Software engineering has expanded to solve new kinds of problems that weren’t practical before.

There are 4 ways to solve problems, depending on how certain we are about the path to success.

0) Hard rules / constraints

Use when you need deterministic outcomes. The result must be correct every time.
For example, bank transactions must always transfer the required amount with 100% certainty.

1) Single prompt

Use when “good enough” is acceptable and a human (or fallback) can cover the misses.
Best when quality is easy to judge quickly.

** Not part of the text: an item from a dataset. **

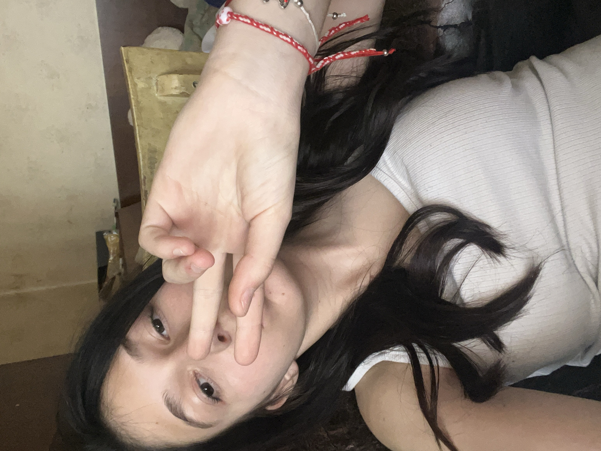A young female, appearing to be in her late teens or early twenties, is depicted in an indoor setting. She has long, dark hair and is wearing a light-colored, ribbed tank top. Her left hand is raised in front of her face, forming a V-sign with her index and middle fingers, partially obscuring her nose and mouth. She looks directly towards the camera. On her right wrist, a red and white braided string bracelet with a white bead is visible, along with another silver-colored bracelet featuring small beads. The background consists of a light brown wall with faint texture, and a dark brown, possibly wooden, furniture element is partially visible behind her right shoulder. Other indistinct, light-colored objects are present in the far right background. The specific location within Vidin, Bulgaria, cannot be determined from the visual information provided.

Example: Generate “related searches” suggestions for a query (good enough, quick human-like usefulness).

2) Chains (structured workflow)

Use when you can decompose the problem into known, repeatable steps and the order of steps is known upfront.
Reliability comes from checkpoints between steps.

Example: Interpret intent → retrieve results → rerank → generate a short answer snippet with citations.

3) Agents (open-ended exploration)

Use when you don’t know the steps upfront and the work requires discovery.
Best when the system must choose what to do next as it learns.

Example: “Help me research X” mode that iteratively searches, reads sources, refines queries, and updates the answer as it learns.

Key rule

As you move up the ladder (toward more uncertainty), you must increase verification: stronger evidence, clearer checks, tighter constraints.

The quest to build the universal personal assistant (UPA) has been reignited, with both OpenAI and Google going head to head. But what would the ultimate personal assistant look like? Would it be an app, a browser, an OS, or even a physical robot?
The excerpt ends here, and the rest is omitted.